Probabilmente, nella carriera discografica degli Editors, l'unica certezza è che non esiste alcuna certezza: quando sembrano orientati verso una sonorità ben definita, eccoli cambiare nuovamente rotta, sia pur cercando di mantenere una certa coerenza e integrità artistica. Nei loro dieci anni di carriera, il gruppo britannico ha attinto a piene mani dal repertorio musicale delle ultime tre decadi, creandosi scomodi paragoni e accumulando un sempre più variegato numero di fan. Questa volta, però, con In Dream la musica sembra cambiata. Gli Editors hanno iniziato a citare se stessi.

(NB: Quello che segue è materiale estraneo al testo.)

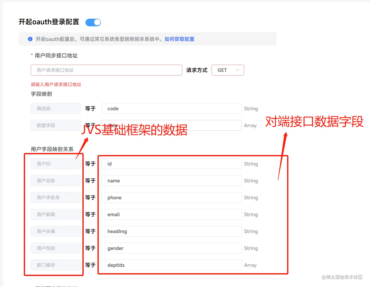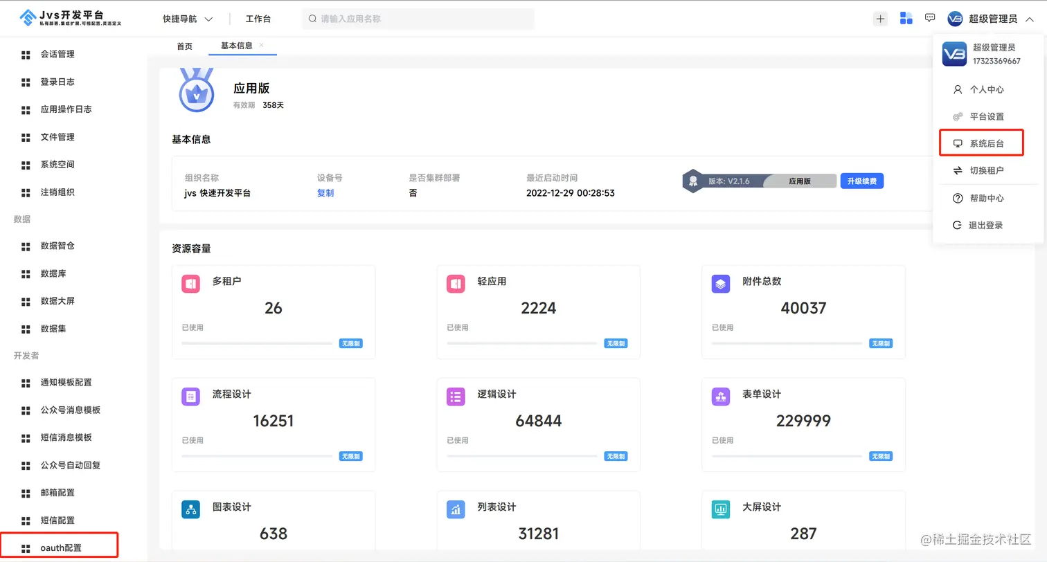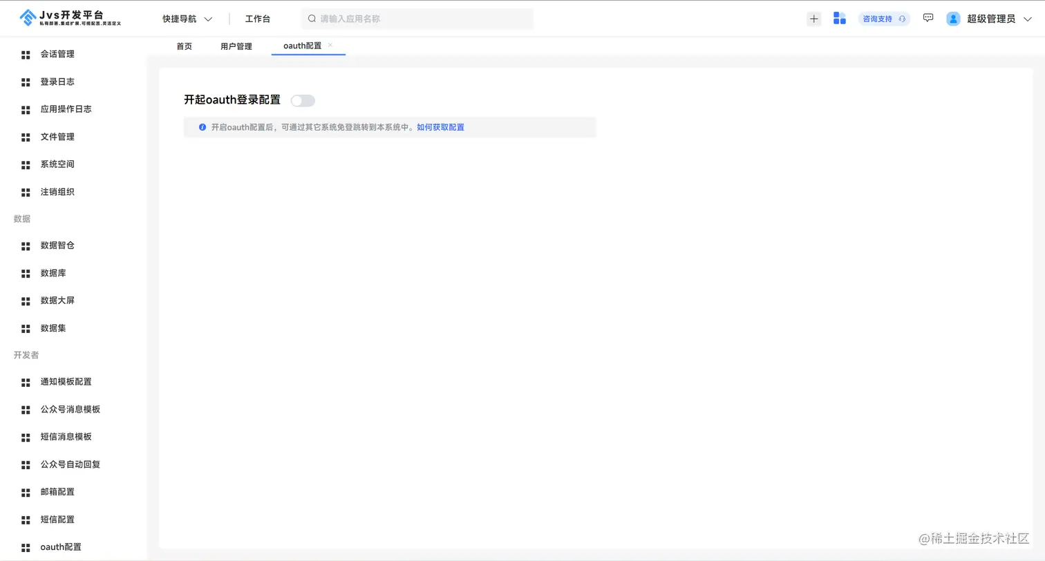 在JVS平台打开系统后台,点击oauth配置,系统默认为关闭状态,打开配置开关,进行配置。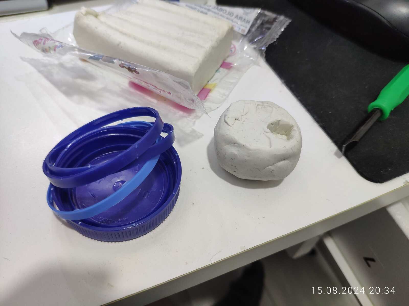 Попутно смотрел в сторону других способов изготовления нужных мне деталей, и тут под руку попался кусок пластилина, но с ним есть проблема, он плавится при нагревании, использовать как форму невозможно: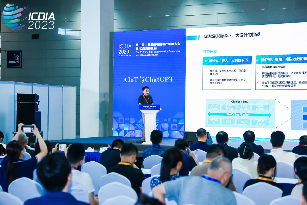 2023年7月(yue)13日至14日,備受(shou)期(qi)待的(de)(de)第三(san)屆中國集成電路設計創(chuang)新大會(ICDIA 2023)在無(wu)錫召開。作為國內領先(xian)的(de)(de)系統級驗(yan)證EDA解(jie)決(jue)方(fang)案提供商,芯華章受(shou)邀(yao)參(can)加此次盛會,在“AIoT與ChatGPT”分論壇上針對大系統芯片(pian)設計挑戰,分享(xiang)了自己(ji)的(de)(de)解(jie)決(jue)方(fang)案。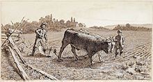 Oxen can pull heavier loads, and pull for a longer period of time than horses depending on weather conditions.[16] On the other hand, they are also slower than horses, which has both advantages and disadvantages; their pulling style is steadier, but they cannot cover as much ground in a given period of time. For agricultural purposes, oxen are more suitable for heavy tasks such as breaking sod or plowing in wet, heavy, or clay-filled soil. When hauling freight, oxen can move very heavy loads in a slow and steady fashion. They are at a disadvantage compared to horses when it is necessary to pull a plow or load of freight relatively quickly.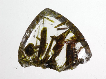 パキスタン産水晶に内包されたエピドート。グリーンルチルのなかにはエピドートが内包されているものがある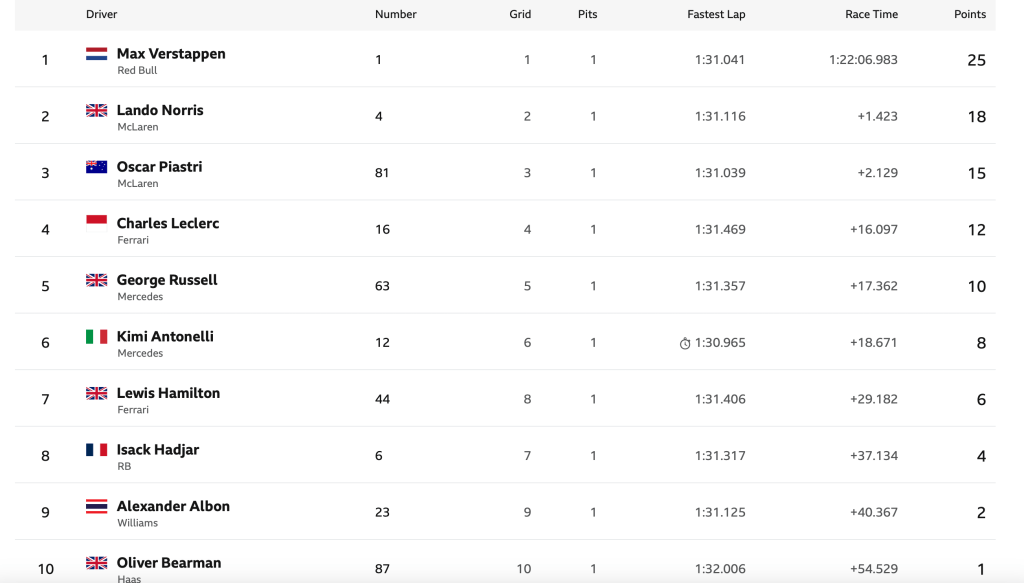 Verstappen led the two McLarens for the entire first stint, the three lapping closely together. Verstappen and Norris stopped on the same lap, one later than Piastri, and there was an immediate flashpoint. Norris complained about Verstappen’s driving, saying he had been pushed off while Verstappen countered by saying his rival had driven off by himself. After the race Norris said:” he had the position and he had the right to do what he did, so fair play.”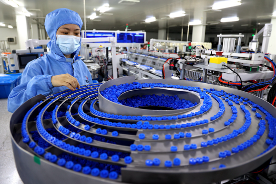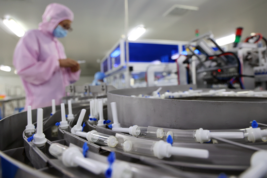 在山东省博兴县庞家镇一家医疗科技公司的车间,工人加紧赶制医疗器械的海外订单。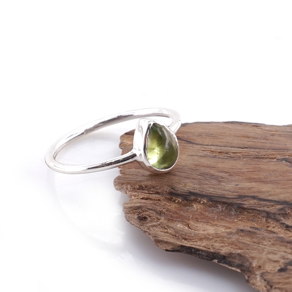 Cincin Imut Wanita Perak 925 Natural Green Peridot Ridatia menggabungkan keanggunan perak sterling 925 dengan keindahan alami batu Peridot berbentuk tetes

Nei primi due album – The Black Room (2005) e An End Has a Start (2007) – la voce baritonale di Tom Smith e le geometrie sonore della band, indirizzate verso la new wave in chiave post-punk, avevano subito chiamato in causa i Joy Division, rendendoli la versione britannica dei più blasonati Interpol. Con In This Light and on This Evening (2009), invece, erano entrati nel campo del synth-pop con chiari riferimenti ai Depeche Mode. Dopo questo album, la band ha dovuto affrontare l’uscita di scena del chitarrista Chris Urbanowicz con The Weight of Love (2013), paradossalmente un album in cui la chitarra elettrica è la protagonista assoluta e che farà guadagnare al gruppo un ampissimo consenso da parte del pubblico.
In quest'ultimo lavoro, invece, gli Editors compiono una perfetta fusione dei loro lavori migliori, accantonando quasi del tutto gli slanci chitarristici del disco precedente in modo da far fraseggiare la new wave dei primi due album con l'elettronica del terzo. Una sintesi che restituisce la cupezza che ha dato vita al progetto, attenuata dal synth e dai falsetti del leader del gruppo. Il brano chiave di questa nuova evoluzione è collocato proprio in apertura di disco: No Harm. La voce baritonale di Smith viene avvolta in un gelido synth minuziosamente minimalista, culminato con un falsetto, una sorta di urlo che spegne un incubo. Il grigiore lascia aperto un barlume di speranza.
Si prosegue con Ocean of Night, con il piano a dettare il ritmo incalzante, mentre la seconda voce della cantante degli Slowdive, Rachel Goswell (presente anche in The Law), completa quella di Tom Smith e trova intensi fraseggi. Il viaggio nelle tinte grigio-chiare continua con Forgiveness, brano che mescola sapientemente il rock all’elettronica; e Salvation con gli archi che aprono, chiudono e intervengono sporadicamente in un pezzo sempre in continuo crescendo ritmico. La versatilità vocale del leader è sempre messa alla prova, come testimonia Our Love, cantata quasi totalmente in falsetto, per un brano che forse più di altri può essere ricollocato negli esperimenti del terzo album, raggiungendo però vette mai viste prima.
In definitiva, gli Editors riescono finalmente a creare una miscela che gli consente di suonare come…gli Editors, scrollandosi di dosso tutti i paragoni che hanno accompagnato la propria carriera. Non è ancora il disco perfetto, ma con la direzione intrapresa, arriverà presto.